Child education plans and child insurance plans play distinct roles in securing a child's future. While education plans concentrate on covering educational expenses, insurance plans offer comprehensive coverage in the event of parental death or disability. Education plans provide flexibility, whereas insurance plans assure long-term financial security.

When considering these options, parents must take various factors into account, such as financial stability, coverage offered, etc. 

FAQs

  • What's the difference between child education plans and child insurance plans? 

Child education plans focus on funding education, while child insurance plans provide financial protection in unforeseen circumstances.

  • Can child education plans be used for other purposes? 

No, child education plans are specifically for educational expenses. These plans cover the expenses related to a child's education, such as tuition fees, books, and other educational materials.

  • Does a child insurance plan only cover the child's life?

Child insurance plans offer more than life coverage, including critical illness benefits and premium waivers.

  • Can child education plans be customised for specific educational goals?
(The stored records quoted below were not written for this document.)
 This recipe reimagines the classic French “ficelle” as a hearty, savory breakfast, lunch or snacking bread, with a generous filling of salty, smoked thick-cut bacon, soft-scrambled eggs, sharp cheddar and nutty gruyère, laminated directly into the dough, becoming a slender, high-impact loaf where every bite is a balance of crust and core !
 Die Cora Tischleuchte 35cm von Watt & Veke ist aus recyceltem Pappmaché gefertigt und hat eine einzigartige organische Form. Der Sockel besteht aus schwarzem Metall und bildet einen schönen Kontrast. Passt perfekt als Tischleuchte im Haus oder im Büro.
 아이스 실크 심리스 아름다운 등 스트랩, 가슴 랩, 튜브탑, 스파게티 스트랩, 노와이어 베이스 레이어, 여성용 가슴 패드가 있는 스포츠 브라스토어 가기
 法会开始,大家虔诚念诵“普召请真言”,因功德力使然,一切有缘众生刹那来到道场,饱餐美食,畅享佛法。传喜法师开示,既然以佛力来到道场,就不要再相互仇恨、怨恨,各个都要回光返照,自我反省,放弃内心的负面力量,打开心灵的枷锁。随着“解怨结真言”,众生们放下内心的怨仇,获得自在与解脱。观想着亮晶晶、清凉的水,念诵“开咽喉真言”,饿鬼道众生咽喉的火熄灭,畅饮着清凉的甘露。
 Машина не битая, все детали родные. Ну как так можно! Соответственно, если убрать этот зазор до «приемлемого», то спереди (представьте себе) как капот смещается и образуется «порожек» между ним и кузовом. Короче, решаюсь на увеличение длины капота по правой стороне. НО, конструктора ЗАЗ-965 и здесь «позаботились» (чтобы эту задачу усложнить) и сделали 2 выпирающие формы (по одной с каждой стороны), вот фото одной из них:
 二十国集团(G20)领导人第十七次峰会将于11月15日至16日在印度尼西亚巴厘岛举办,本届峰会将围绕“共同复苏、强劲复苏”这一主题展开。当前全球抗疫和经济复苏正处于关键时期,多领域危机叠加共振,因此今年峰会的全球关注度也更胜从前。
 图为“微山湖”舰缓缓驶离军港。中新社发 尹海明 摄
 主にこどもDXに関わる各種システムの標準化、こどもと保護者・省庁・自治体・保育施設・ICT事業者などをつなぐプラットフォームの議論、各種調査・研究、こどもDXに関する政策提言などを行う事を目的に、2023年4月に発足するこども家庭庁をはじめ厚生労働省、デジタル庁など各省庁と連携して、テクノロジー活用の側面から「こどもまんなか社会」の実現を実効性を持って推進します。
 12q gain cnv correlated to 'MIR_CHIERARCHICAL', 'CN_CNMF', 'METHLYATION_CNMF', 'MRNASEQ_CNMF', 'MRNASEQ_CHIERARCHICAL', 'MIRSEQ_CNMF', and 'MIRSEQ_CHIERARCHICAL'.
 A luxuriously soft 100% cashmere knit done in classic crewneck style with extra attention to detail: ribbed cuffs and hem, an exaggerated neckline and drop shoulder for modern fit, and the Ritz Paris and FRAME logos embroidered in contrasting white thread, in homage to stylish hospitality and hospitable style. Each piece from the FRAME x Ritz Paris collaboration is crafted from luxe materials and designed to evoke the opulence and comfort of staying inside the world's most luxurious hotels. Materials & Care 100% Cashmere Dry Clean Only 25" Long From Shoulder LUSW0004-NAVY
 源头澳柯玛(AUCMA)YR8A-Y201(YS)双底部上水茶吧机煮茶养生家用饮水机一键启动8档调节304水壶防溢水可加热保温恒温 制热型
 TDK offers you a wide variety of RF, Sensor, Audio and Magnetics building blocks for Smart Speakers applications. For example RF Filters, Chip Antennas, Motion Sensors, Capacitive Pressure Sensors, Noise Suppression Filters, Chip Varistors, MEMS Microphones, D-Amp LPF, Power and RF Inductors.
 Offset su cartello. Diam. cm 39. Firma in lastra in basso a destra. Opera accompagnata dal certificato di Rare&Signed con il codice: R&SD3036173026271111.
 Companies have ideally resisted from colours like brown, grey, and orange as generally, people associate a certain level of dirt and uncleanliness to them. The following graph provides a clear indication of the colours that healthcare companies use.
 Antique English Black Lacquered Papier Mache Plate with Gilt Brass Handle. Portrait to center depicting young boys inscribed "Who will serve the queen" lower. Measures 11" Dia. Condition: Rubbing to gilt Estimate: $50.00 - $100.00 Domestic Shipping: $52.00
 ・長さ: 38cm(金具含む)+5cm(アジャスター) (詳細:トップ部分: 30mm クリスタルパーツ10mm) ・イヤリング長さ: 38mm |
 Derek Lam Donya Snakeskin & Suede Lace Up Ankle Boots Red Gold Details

Yes, child education plans can be tailored to align with individual aspirations. Parents can allocate funds towards higher education expenses, specialized courses, or even international education, tailoring the plan to their child's specific needs.

  • Do child insurance plans offer tax benefits?

Child insurance plans usually provide tax benefits on premiums paid and tax-free maturity proceeds. Consult a tax advisor for specific rules.

Disclaimer

This article is issued in the general public interest and meant for general information purposes only. Readers are advised not to rely on the contents of the article as conclusive in nature and should research further or consult an expert in this regard.